Речь идет о Вышнеградском.
— Теперь мы имеем русского министра финансов, настоящего рррусского человека, на место Карл Иваныча...
— Ну, а что толку,— спрашивает один из простаков-купцов скептически.
— Да ведь это в будущем... Что будет это покажет нам будущее, а что было плохо, это мы уже видели. По крайней мере теперь имеем ррруского!
— И если хотите... мм... мм... (он мычит и изящно ковыряет в зубах, заставляя ожидать своих мудрых изречений) уже и теперь видим. Понадобился заем, об'явлен на 60 миллионов, а подписано на восемь миллиардов.
— Ну, это...
— Извольте посмотреть, написано... где у меня газета... Это верно! Вот и говорите, что в России нет капиталов. У нас все есть, только нужно знать на что... А то, посудите сами: на железнодорожные потребности занимаем заграницей металлическую валюту.
— Вот видишь...
— Нет, вы постойте. А почему? Потому, что Карл Иванычи все... Да! Немцы! Наши бумажки в России идут хорошо, а им давай золото.
— Поляков, Губонин, Башмаков — все немцы по вашему?— не выдерживает мой нервный сосед.
— Да ведь не они одни... А Дервиз, Мек.
— Тоже русские подданные.
— Да ведь все таки виллы заграницей строют, стало быть вывоз золота.
Мой сосед машет рукой, а оратор оскорбленный возражением как-то захлебываясь накидывается на простаков-купцов, которые однако слушают болтуна холодно.
— Нет, вы сами посудите: русский человек, он все таки русский. Никто не догадался насчет железнодорожных предприятий. Все с казны тянули, тарифы сами назначали, а Карлы Иванычи потакали. А русский человек, Вышнеградский догадался: нет, говорит, господа,— нельзя-ли сделать асаже!
— Ах, чорт бы тебя драл,— негодует про себя мой сосед.— Послушайте вы,—говорит он,— прежнего министра зовут Николай, а не Карл, и никто не может его упрекнуть в корыстных видах. Он ни в каких железнодорожных предприятиях, как вы говорите, никогда не участвовал. А вот Вышнеградский — тот совсем другое дело.
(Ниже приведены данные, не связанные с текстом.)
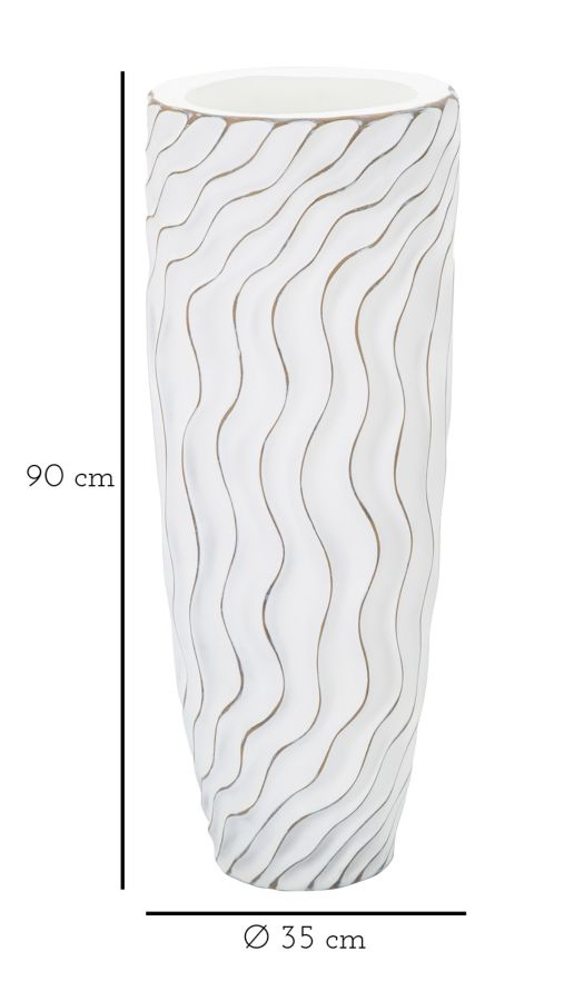 Vaza înaltă din rășină, cu dimensiunile de lățime 35 cm și înălțime 90 cm, este o piesă de decor impresionantă care adaugă un element de eleganță și rafinament în orice interior. Cu un design modern, caracterizat prin linii ondulate și un finisaj alb mat, această vază emană un aer de sofisticare și se integrează perfect în spațiile contemporane sau minimaliste. Datorită dimensiunilor sale generoase, este ideală pentru a fi amplasată pe podea, în colțurile camerelor sau în spații deschise, unde poate deveni un punct focal al încăperii. Această vază nu doar că oferă o soluție estetică pentru expunerea florilor de mari dimensiuni, dar și contribuie la crearea unui decor luxos și armonios. Este o alegere excelentă pentru cei care doresc să aducă un accent de stil și eleganță în locuința lor.

Голос молодого человека звучит резко и даже гневно.
— Ох-хо-хо! — вздыхает один купец и встает с места. Оратор чуть не всхлипывает от самолюбивой досады. В каюте носится ясно всеми чувствуемое представление о чем-то преступном, чуть не о крамоле. Очевидно — хвалить Бунге теперь чуть не равносильно уже измене и злоумышлению.
— Горькое недоразумение,— говорит молодой человек, обращаясь ко мне.— И это общественное мнение, воспитываемое газетами...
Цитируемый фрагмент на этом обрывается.